_Work order_. Which lines run from the one with "8 | 6 | 04/04" through the end of the data? Retype them exactly, without pictures.

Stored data
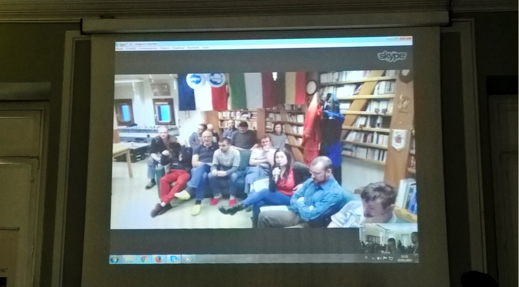 Momento clou è stato il collegamento via Skype con Stazione Concordia in Antartide, grazie al quale tutti gli studenti hanno potuto rivolgere le loro domande alla squadra tecnica che si trova al momento laggiù, composta da italiani, francesi e belga. Dialogando con loro, gli studenti hanno potuto capire come si svolgono le giornate in Antartide, nonostante i sei mesi di luce piena e i mesi di buio totale, cosa indossino per uscire, come reagisca il corpo a temperature che possono raggiungere i -77 °C, con venti a 5,5 m/sec., cosa mangino durante la loro permanenza e tante altre curiosità sia relative alla vita quotidiana sia alla ricerca scientifica; inoltre hanno potuto ammirare le bellezze subacquee, grazie al video realizzato da Riccardo Pini, durante le sue immersioni per sistemare apparecchiature scientifiche e sentire dalla sua voce il racconto di incontri ravvicinati con le foche, ma anche la difficoltà di lavorare in condizioni estreme, ribadite anche dal dottor Lazzarini che ha sottolineato come il silenzio “assordante” dell’Antartide condizioni inevitabilmente il ritorno alla vita sociale, così come l’assenza prolungata di sale dall’acqua bevuta per tanto tempo, mantenga i suoi effetti sull’organismo per settimane anche se si torna alla normalità dei cibi di casa.
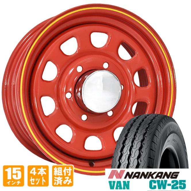 デイトナ 15インチ レッド ナンカン CW-20 WSW 195/80R15 ホワイトリボン 200系ハイエース 4本セット 6.5j +38 107/105 LT タイヤホイールセット
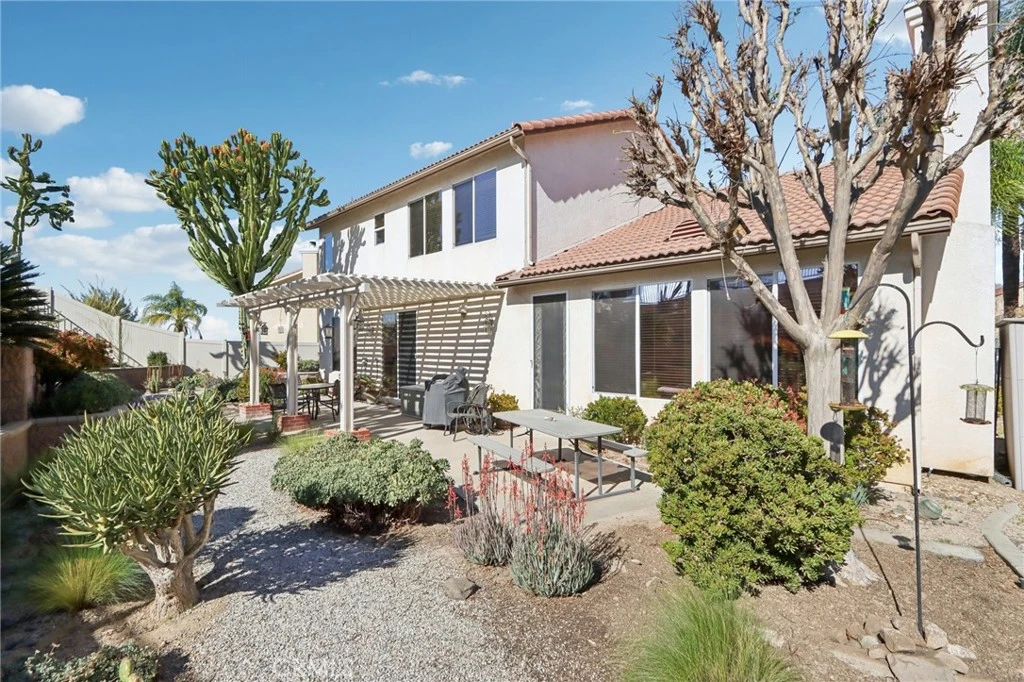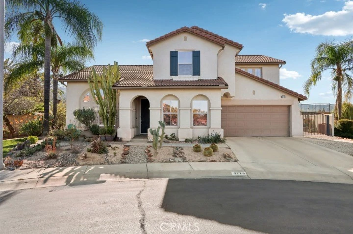 VIEWS | DOWNSTAIRS BEDROOM AND BATH | NO NEIGHBORS BEHIND | LANDSCAPED FRONT AND BACK Located at the end of a quiet cul-de-sac in desirable South Corona, this well-maintained, very private home offers a wonderful opportunity to create your ideal living space in a highly sought-after location. Inside, the home features a bright and open layout with a formal living room highlighted by soaring cathedral ceilings and crown molding, creating an elegant first impression. A formal dining room provides the perfect space for gatherings and special occasions. The spacious family room with fireplace offers a comfortable place to relax and connects easily with the rest of the home. The kitchen is both functional and inviting, offering space for a breakfast table and beautiful glass doors that open to a flexible area that can serve as a home office, study, or additional living space. Two doors lead to the backyard—one from the kitchen and one from the family room—making indoor-outdoor living convenient and natural. The main level also includes a downstairs office that could easily serve as a bedroom, a full bathroom, and a laundry room with a utility sink. Upstairs, a loft provides additional living space ideal for a media room, play area, or workspace. The guest bedrooms are generously sized, while the primary bedroom enjoys beautiful mountain views and abundant natural light, creating a peaceful retreat. The home is in excellent condition and presents an opportunity for a new owner to add personal updates over time and make the space their own. The outdoor setting is truly a standout feature. The front and backyard landscaping create a peaceful, park-like environment designed for relaxation and enjoyment. Very low maintenance, using very little water. The backyard includes a patio cover, fire pit, and newly replaced vinyl fencing, along with a private gate that opens to a path and open land behind the home. With no neighbors directly behind, the property enjoys beautiful views and direct access to nearby walking and hiking trails. Low HOA, low taxes, located in an excellent school district, with easy access to freeways, shopping, and parks.
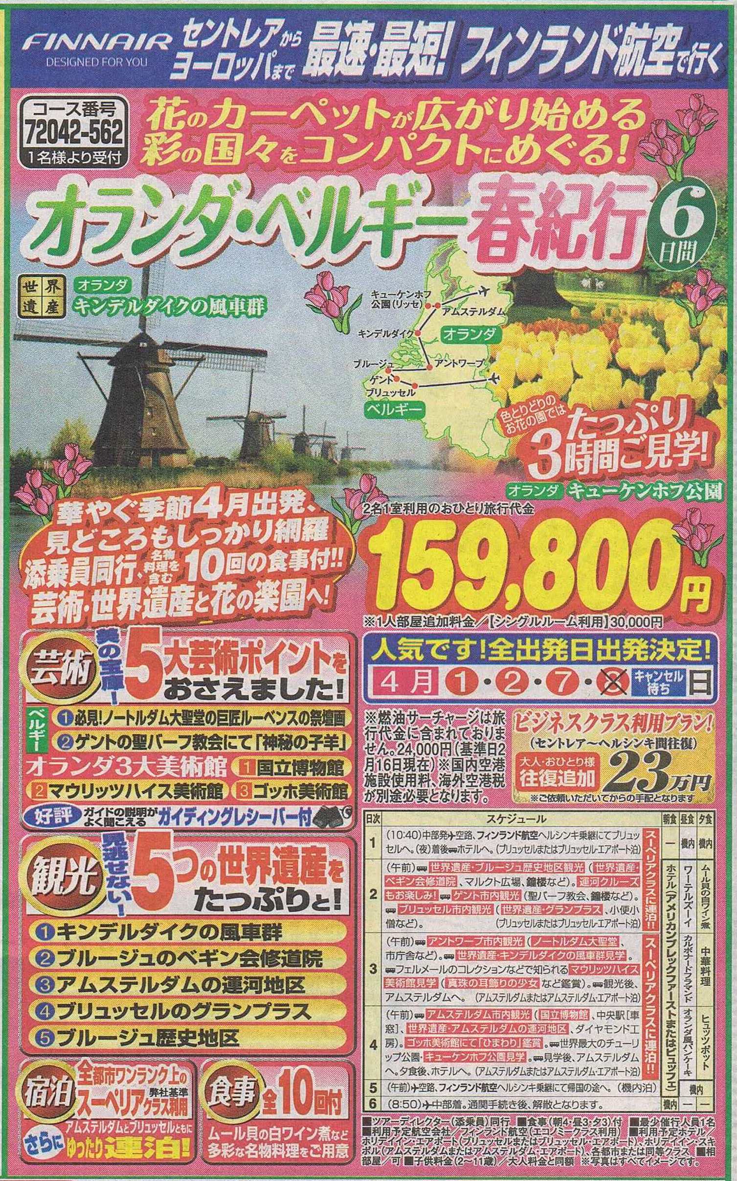 8 | 6 | 04/04 | 05/15 | 199,800 | 04/04 | 299,800 | 04/27 | 35,000 | ブリュセル アムステルダム 2連泊 |
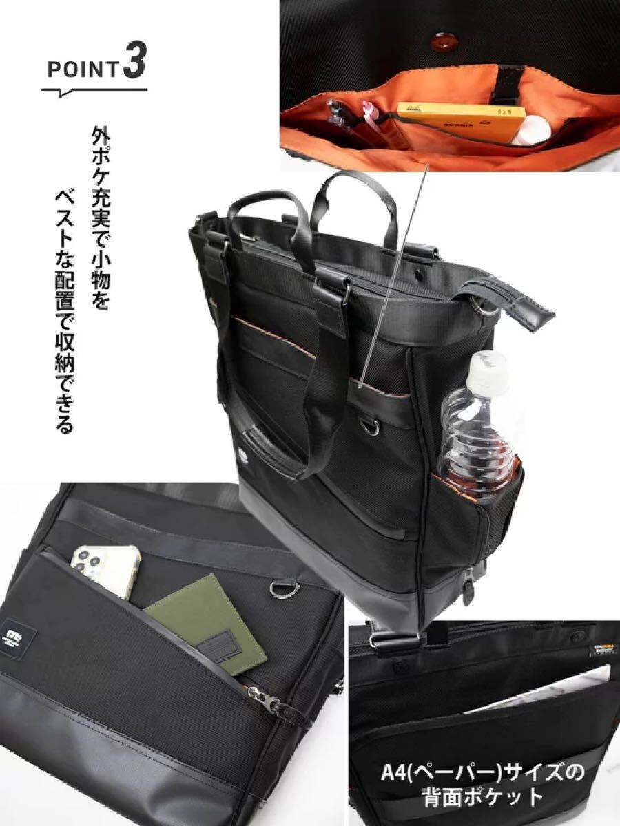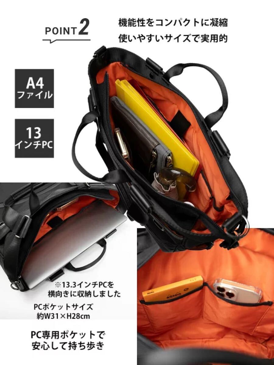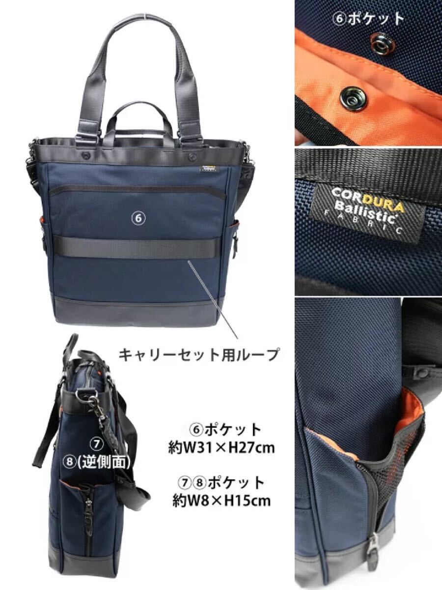 ●A4ファイル対応サイズの縦型。PCポケットは13インチサイズ。アウトポケットが充実しており使いやすい箇所に小物を収納することができます。キャリーバッグにセットアップ可能でビジネス出張にも便利です。

_Answer to this exercise_.
 8 | 6 | 04/04 | 05/15 | 199,800 | 04/04 | 299,800 | 04/27 | 35,000 | ブリュセル アムステルダム 2連泊 |
 ●A4ファイル対応サイズの縦型。PCポケットは13インチサイズ。アウトポケットが充実しており使いやすい箇所に小物を収納することができます。キャリーバッグにセットアップ可能でビジネス出張にも便利です。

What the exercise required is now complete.